MADD: Multi-Agent Drug Discovery Orchestra
Gleb V. Solovev, Alina B. Zhidkovskaya, Anastasia Orlova, Nina Gubina, Anastasia Vepreva, Rodion Golovinskii, Ilya Tonkii, Ivan Dubrovsky, Ivan Gurev, Dmitry Gilemkhanov, Denis Chistiakov, Timur A. Aliev, Ivan Poddiakov, Galina Zubkova, Ekaterina V. Skorb, Vladimir Vinogradov, Alexander Boukhanovsky, Nikolay Nikitin, Andrei Dmitrenko, Anna Kalyuzhnaya, Andrey Savchenko
2025-11-13
Summary
This paper introduces a new AI system called MADD that helps researchers find potential drug candidates more easily and effectively.
What's the problem?
Traditionally, finding the first promising molecules, called 'hits', for a new drug is a slow and expensive process that requires a lot of lab work. While recent AI tools, especially those using large language models, can speed things up, they've become complicated and hard for scientists who primarily work in the lab to use directly.
What's the solution?
The researchers created MADD, which is like a team of AI 'agents' working together.
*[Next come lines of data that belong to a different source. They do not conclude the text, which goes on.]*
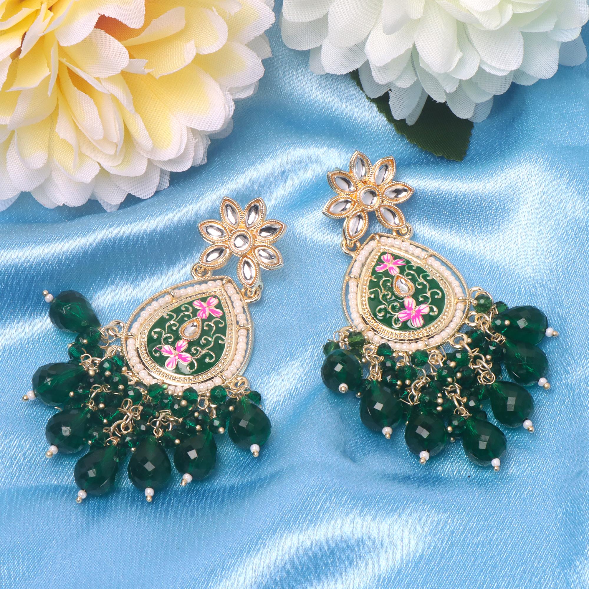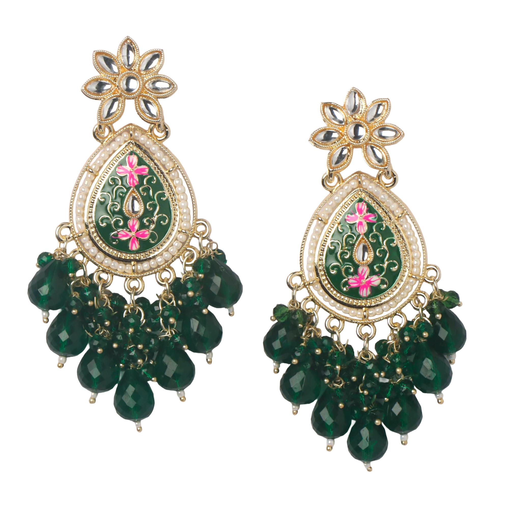 OrnaOra Meenakari Drop Earrings for Women | Ethnic Festive & Party Wear Jewelry - Dark Green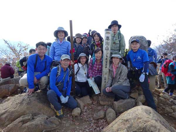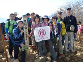このコースは樹林が多く、あまり眺望は利かないが、枯木の間から滝子山方面が見え隠れする。少し平らで広い休憩場所にふさわしいところを過ぎると間もなく頂上である。晴天の土曜日とあって狭い頂上は登山者で賑わっていた。富士山をバックに班別の集合写真を撮るのに苦労する。頂上から5分下ったところにある古宿・松葉コース分岐点は広く平らなのでここで昼食となった。多少の時間差はあったが3つの班一緒に昼食をとる。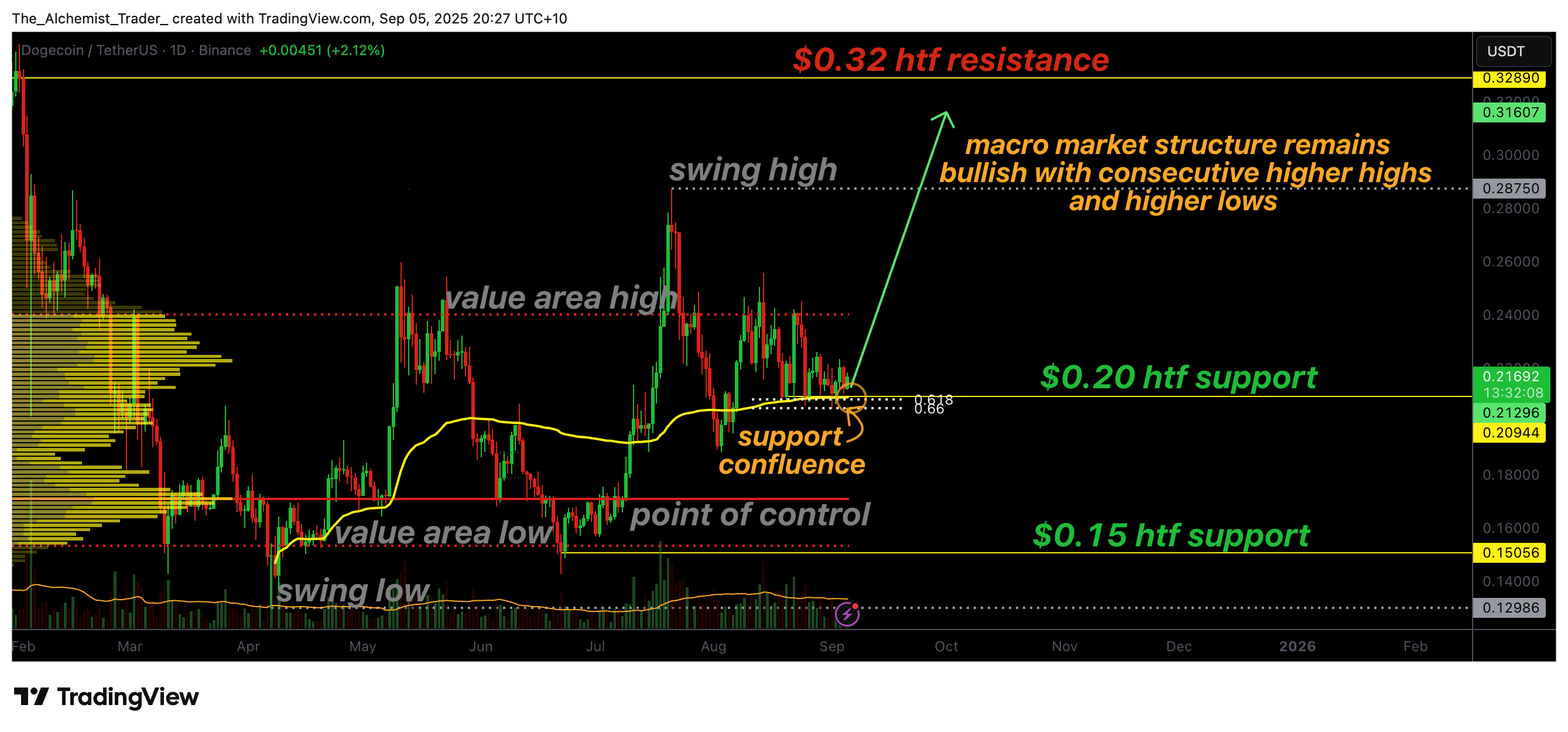 Dogecoin’s price is consolidating at $0.20 high-time-frame support, a region with multiple technical confluences. If this level holds, price action is well-positioned for a rotation toward $0.32 resistance.
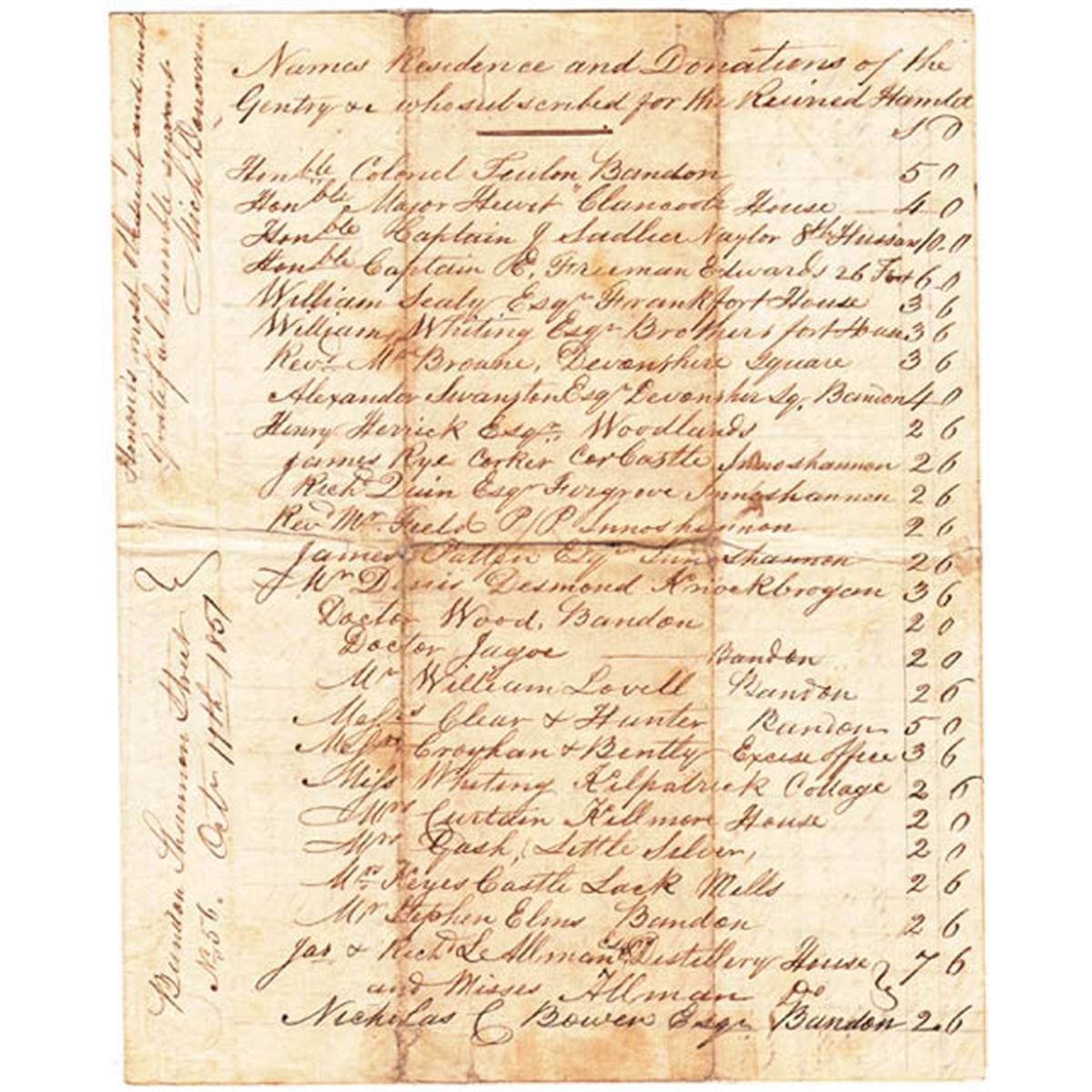 A letter written by schoolmaster Mick Donovan from Shannon Street, Bandon, seeking financial support for a publication of poetry describing his experiences during the Famine period. The letter also describes his own personal situation "... before the failure of the potato crop I supported myself independently as a schoolmaster, but since the commencement of that fatal visitation I regret to say that my school dwindled away to utter insignificance... I have now compleated a poetical treatise called `The Ruined Hamlet` it most feelingly describes the prostration of trade the depression of the agricultural interest and the manifold evils resulting from the abovementioned national calamity...". The letter concludes with a list of members of the gentry who have given money towards the cost of publication. There appears to be no record of the publication of the poem.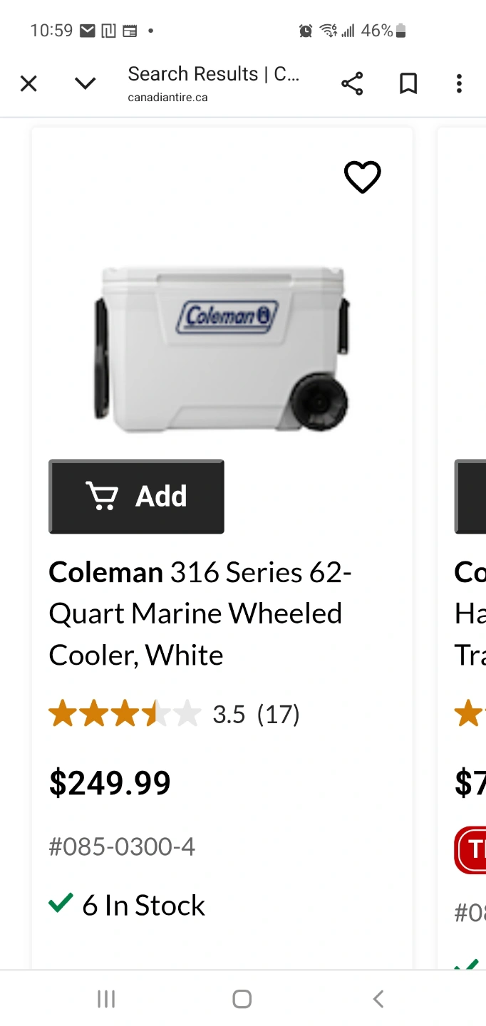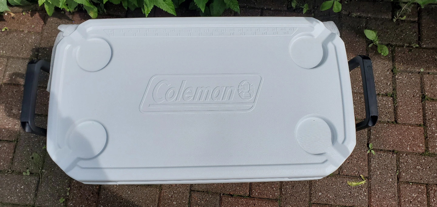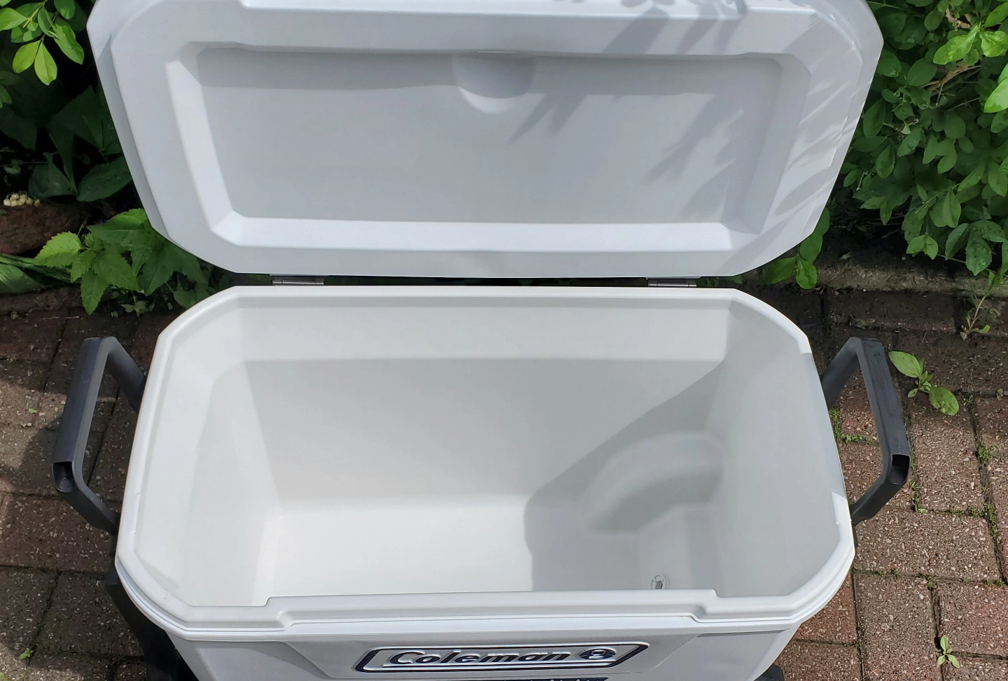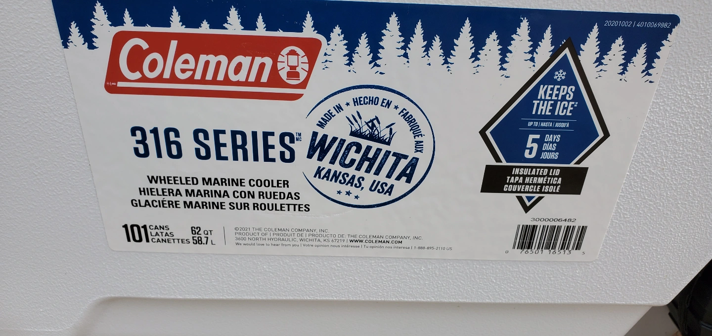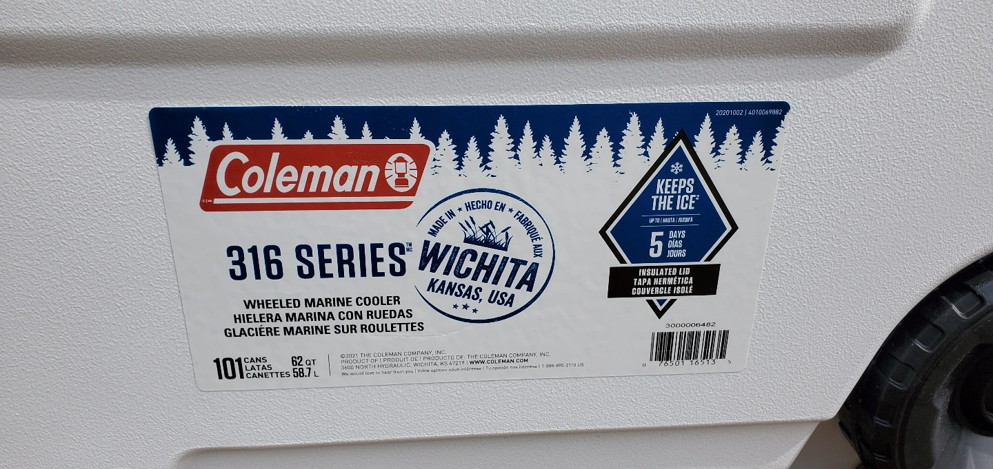 Large capacity cooler. White plastic construction. Features wheels and handles for easy transport. 62 liters. Keeps ice for five days. Contact me for questions. Excellent product. It was used for 4 consecutive days camping. Perfect.

You can simply describe what kind of molecule you're looking for in plain language, and MADD automatically builds and runs a customized search process to find potential hits. It combines the ability of language models to understand your request with the precision of specialized tools for designing and testing molecules. They tested MADD on several real-world drug discovery problems and showed it performs better than other AI-based methods.
Why it matters?
MADD makes advanced AI drug discovery tools more accessible to researchers without extensive AI expertise, potentially accelerating the development of new medicines. They also created a new standard dataset to help others build and improve similar AI systems, pushing the field forward towards a future where AI plays a bigger role in designing drugs.
Abstract
Hit identification is a central challenge in early drug discovery, traditionally requiring substantial experimental resources. Recent advances in artificial intelligence, particularly large language models (LLMs), have enabled virtual screening methods that reduce costs and improve efficiency. However, the growing complexity of these tools has limited their accessibility to wet-lab researchers. Multi-agent systems offer a promising solution by combining the interpretability of LLMs with the precision of specialized models and tools. In this work, we present MADD, a multi-agent system that builds and executes customized hit identification pipelines from natural language queries. MADD employs four coordinated agents to handle key subtasks in de novo compound generation and screening. We evaluate MADD across seven drug discovery cases and demonstrate its superior performance compared to existing LLM-based solutions. Using MADD, we pioneer the application of AI-first drug design to five biological targets and release the identified hit molecules. Finally, we introduce a new benchmark of query-molecule pairs and docking scores for over three million compounds to contribute to the agentic future of drug design.